■ Problem to work on ■
Give back each entry exactly as written, apart from the pictures.

Items from a dataset

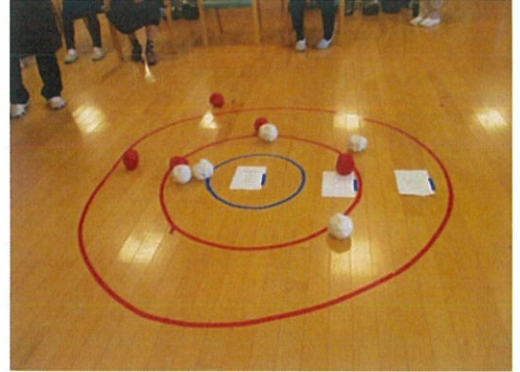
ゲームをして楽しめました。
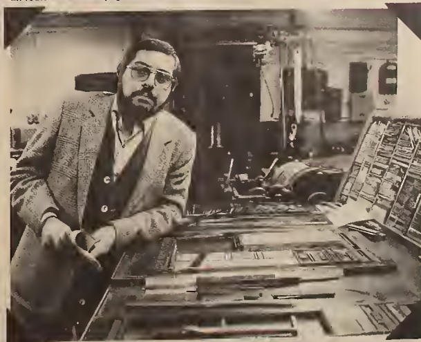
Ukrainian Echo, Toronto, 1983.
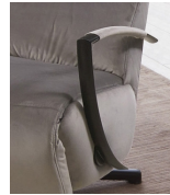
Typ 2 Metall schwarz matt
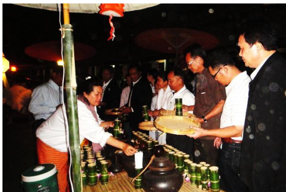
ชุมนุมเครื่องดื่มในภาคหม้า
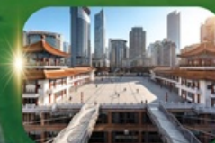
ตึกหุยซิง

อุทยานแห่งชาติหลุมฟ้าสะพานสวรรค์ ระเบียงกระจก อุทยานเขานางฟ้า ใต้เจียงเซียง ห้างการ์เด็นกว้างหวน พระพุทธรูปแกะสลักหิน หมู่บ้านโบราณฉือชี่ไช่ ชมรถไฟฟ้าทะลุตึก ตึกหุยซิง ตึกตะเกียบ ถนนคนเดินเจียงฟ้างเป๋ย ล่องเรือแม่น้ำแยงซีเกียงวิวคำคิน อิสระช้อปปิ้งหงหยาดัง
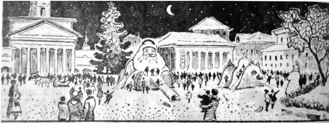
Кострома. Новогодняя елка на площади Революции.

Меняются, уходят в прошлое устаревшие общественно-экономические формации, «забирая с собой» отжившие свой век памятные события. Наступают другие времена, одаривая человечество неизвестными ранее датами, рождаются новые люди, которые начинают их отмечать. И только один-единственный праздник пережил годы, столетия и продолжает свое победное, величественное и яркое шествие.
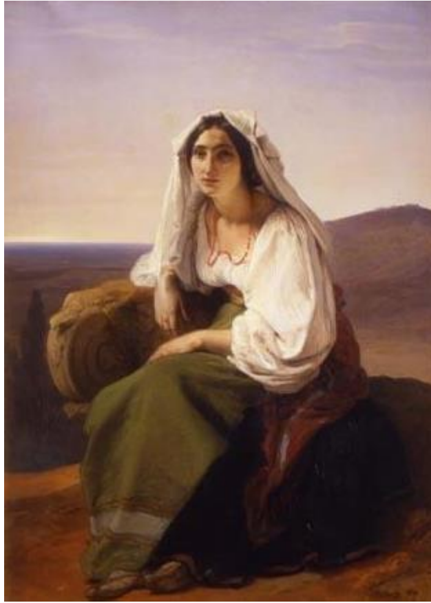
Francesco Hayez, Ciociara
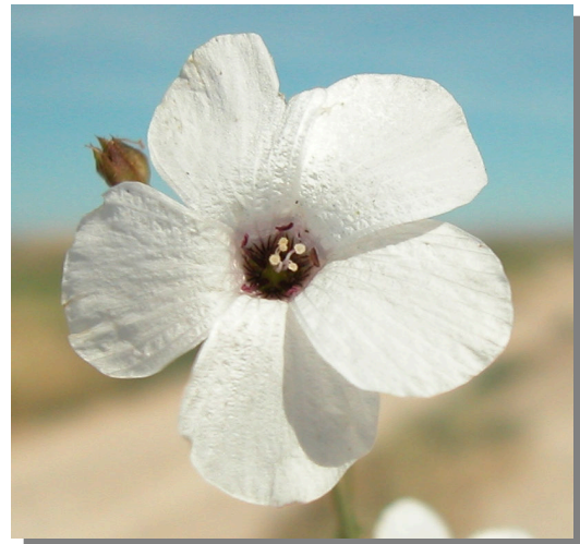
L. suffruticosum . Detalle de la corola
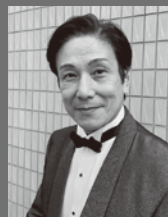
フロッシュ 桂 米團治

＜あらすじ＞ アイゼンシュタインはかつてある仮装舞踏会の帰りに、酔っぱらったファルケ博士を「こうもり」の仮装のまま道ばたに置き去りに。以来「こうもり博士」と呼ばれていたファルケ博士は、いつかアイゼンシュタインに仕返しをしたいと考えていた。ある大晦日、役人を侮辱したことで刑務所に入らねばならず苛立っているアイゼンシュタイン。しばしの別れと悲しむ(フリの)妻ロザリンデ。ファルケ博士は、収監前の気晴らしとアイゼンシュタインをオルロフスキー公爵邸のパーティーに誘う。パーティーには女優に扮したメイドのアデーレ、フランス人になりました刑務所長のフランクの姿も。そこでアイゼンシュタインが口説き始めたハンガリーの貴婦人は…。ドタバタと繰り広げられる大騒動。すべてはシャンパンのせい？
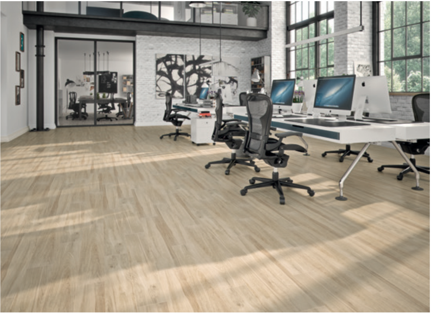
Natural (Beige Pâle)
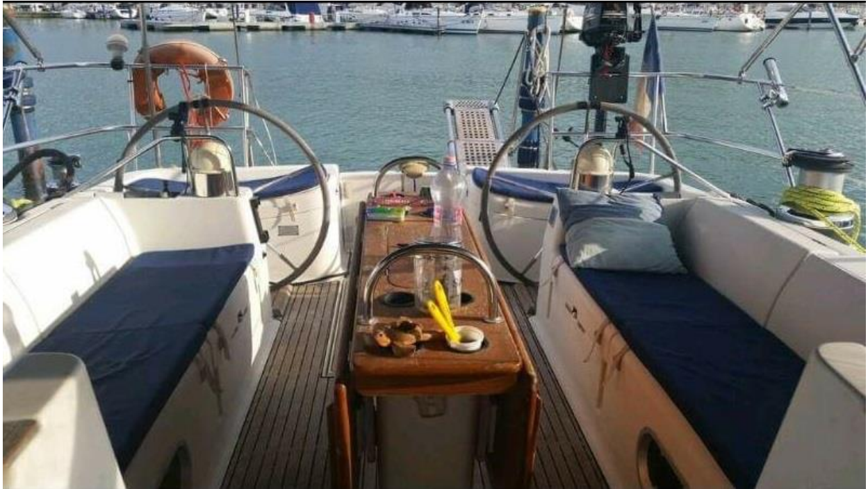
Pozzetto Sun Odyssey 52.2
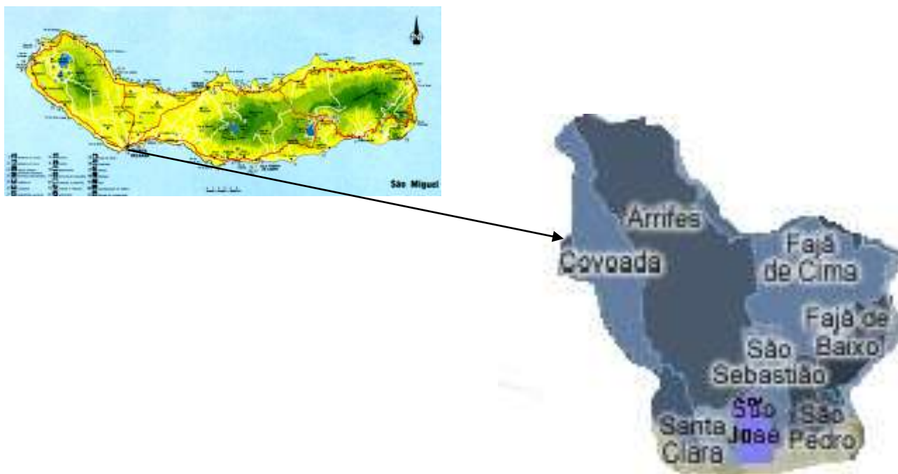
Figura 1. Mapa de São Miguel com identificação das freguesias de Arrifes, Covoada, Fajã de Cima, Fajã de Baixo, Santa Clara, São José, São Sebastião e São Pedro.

■ Response to the exercise ■
ゲームをして楽しめました。
Ukrainian Echo, Toronto, 1983.
Typ 2 Metall schwarz matt
ชุมนุมเครื่องดื่มในภาคหม้า
ตึกหุยซิง

อุทยานแห่งชาติหลุมฟ้าสะพานสวรรค์ ระเบียงกระจก อุทยานเขานางฟ้า ใต้เจียงเซียง ห้างการ์เด็นกว้างหวน พระพุทธรูปแกะสลักหิน หมู่บ้านโบราณฉือชี่ไช่ ชมรถไฟฟ้าทะลุตึก ตึกหุยซิง ตึกตะเกียบ ถนนคนเดินเจียงฟ้างเป๋ย ล่องเรือแม่น้ำแยงซีเกียงวิวคำคิน อิสระช้อปปิ้งหงหยาดัง
Кострома. Новогодняя елка на площади Революции.

Меняются, уходят в прошлое устаревшие общественно-экономические формации, «забирая с собой» отжившие свой век памятные события. Наступают другие времена, одаривая человечество неизвестными ранее датами, рождаются новые люди, которые начинают их отмечать. И только один-единственный праздник пережил годы, столетия и продолжает свое победное, величественное и яркое шествие.
Francesco Hayez, Ciociara
L. suffruticosum . Detalle de la corola
フロッシュ 桂 米團治

＜あらすじ＞ アイゼンシュタインはかつてある仮装舞踏会の帰りに、酔っぱらったファルケ博士を「こうもり」の仮装のまま道ばたに置き去りに。以来「こうもり博士」と呼ばれていたファルケ博士は、いつかアイゼンシュタインに仕返しをしたいと考えていた。ある大晦日、役人を侮辱したことで刑務所に入らねばならず苛立っているアイゼンシュタイン。しばしの別れと悲しむ(フリの)妻ロザリンデ。ファルケ博士は、収監前の気晴らしとアイゼンシュタインをオルロフスキー公爵邸のパーティーに誘う。パーティーには女優に扮したメイドのアデーレ、フランス人になりました刑務所長のフランクの姿も。そこでアイゼンシュタインが口説き始めたハンガリーの貴婦人は…。ドタバタと繰り広げられる大騒動。すべてはシャンパンのせい？
Natural (Beige Pâle)
Pozzetto Sun Odyssey 52.2
Figura 1. Mapa de São Miguel com identificação das freguesias de Arrifes, Covoada, Fajã de Cima, Fajã de Baixo, Santa Clara, São José, São Sebastião e São Pedro.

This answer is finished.